The ground was laid out below him like a rich, textured carpet, a thickly-woven tapestry, so much more vast and strange and beautiful than Dean had expected; he felt his heart skip a beat at the sight of the sun-stroked, shadow-strewn fields. On the ground, they were just wheat and water and dirt, but from above, they were endeavour and engineering and seemingly endless; they were golden promises for tomorrow’s food, for the future. Maybe in a few months, the wheat in those fields would be feeding him, and the kids at the House, all the people he knew – and all the people he hadn’t met yet, people who he was going to meet one day. Maybe tonight he’d eat a sandwich made from wheat, and somewhere in the city, the person he was one day going to marry would also be eating a sandwich made from wheat grown right next to the wheat used to make his own sandwich. That idea felt very strange and big and confusing. And a little exciting. A little hopeful.
Dean caught sight of a tiny car, smaller than an ant, moving along a grey string road. The sight made his stomach twist again, but he kept his eyes open.
“It’s amazing, isn’t it?” Castiel said, and Dean nodded.
“It’s something,” he replied quietly, too quietly to be heard, so he spoke up when he added, “does every thought feel so big up here?”
It was a weird question, and Dean expected Cas not to answer, or to say that he didn’t understand – but he replied at once, as though he knew exactly what Dean meant.
“Yes,” he said.
“I was just thinking about sandwiches, and it turned into some weird Cat’s Cradle kinda crap.”
“It’s the height, and the space. It is very difficult to think small things up here. Every thought becomes great and wonderful.”
Dean considered this.
He tried to think of something small and everyday. I need to get some potato chips for the kids, he tried. They were running out of snack food. He did his best to give the kids hearty meals, full of vitamins and all the food groups – he’d done his research – but nothing made the kids happier than bringing out a big variety pack of chips and letting them choose their favourite flavour. The way their faces lit up was a kind of magic – especially when it happened for the first time, when a child had just arrived at the House and couldn’t quite believe that they were allowed to pick any flavour, yes, any flavour, even Smoky Bacon, the choice is yours… it was as though Dean were offering them superpowers, not snacks. But in a way, he thought, weren’t they the same thing, here? He was giving them the power of choice, a power that they’d been missing, that the world had unthinkingly taken from them. None of them had chosen to be homeless, or helpless, or lost. And when they came to the Impala House, none of them thought that they had any power to choose different circumstances. But day by day, with tiny, everyday occurrences and little decisions, Dean gave them back their power to choose.

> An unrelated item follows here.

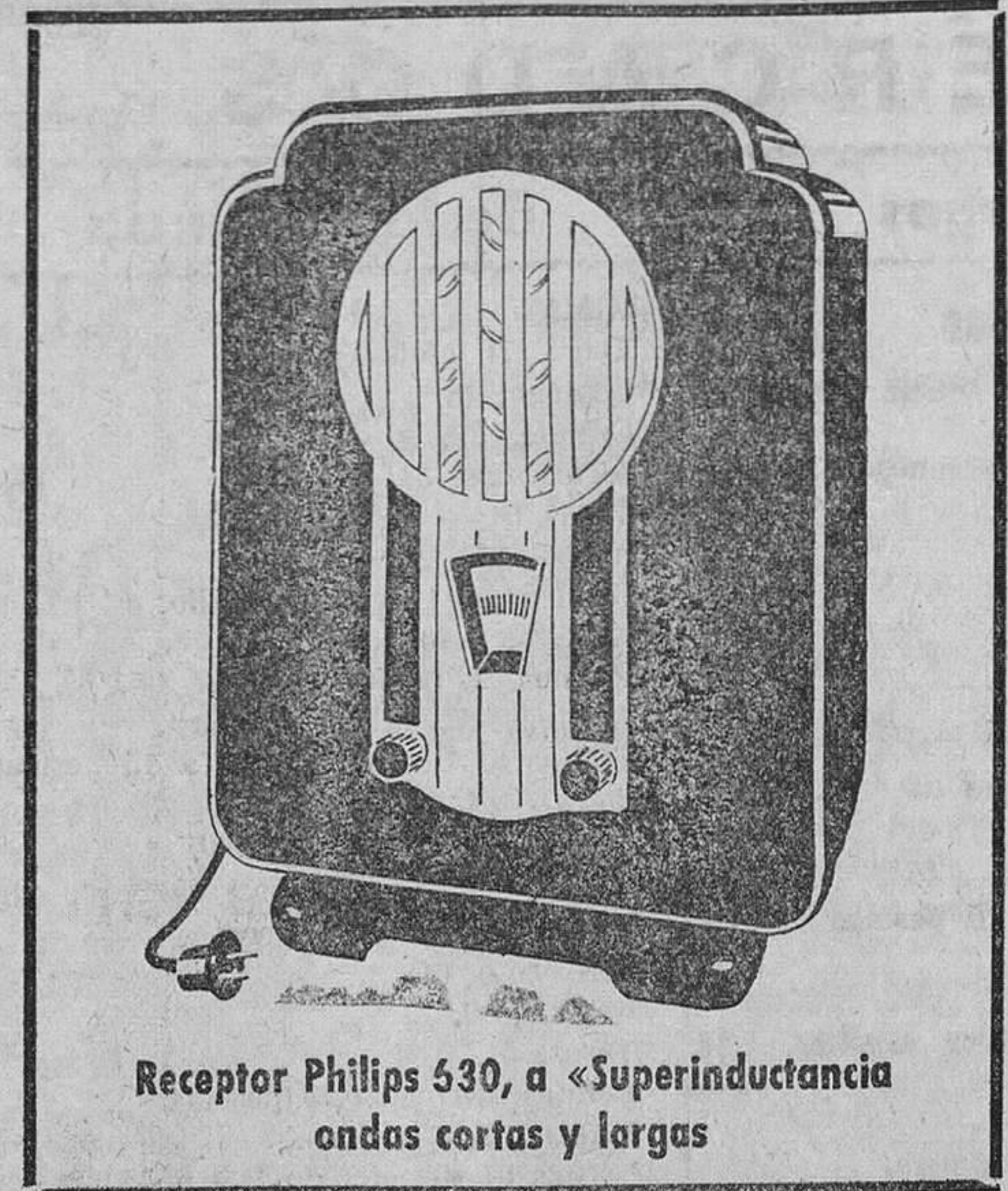
Receptor Philips 530, a «Superinductancia» ondas cortas y largas

Un receptor de radio debe servirle, no solamente durante unos meses, sino durante muchos años

“What are you thinking?” Castiel asked.
“I’m gonna save the world,” Dean replied. “With potato chips.”
“That sounds like a very noble calling,” Castiel responded gravely, not missing a beat. Dean grinned, and realised that he’d been looking down at the ground for ages without even noticing. He quickly logged away a few details to tell the kids – the tiny trees, the bug-like cars, the way the tall buildings of the city not too far away looked like playthings.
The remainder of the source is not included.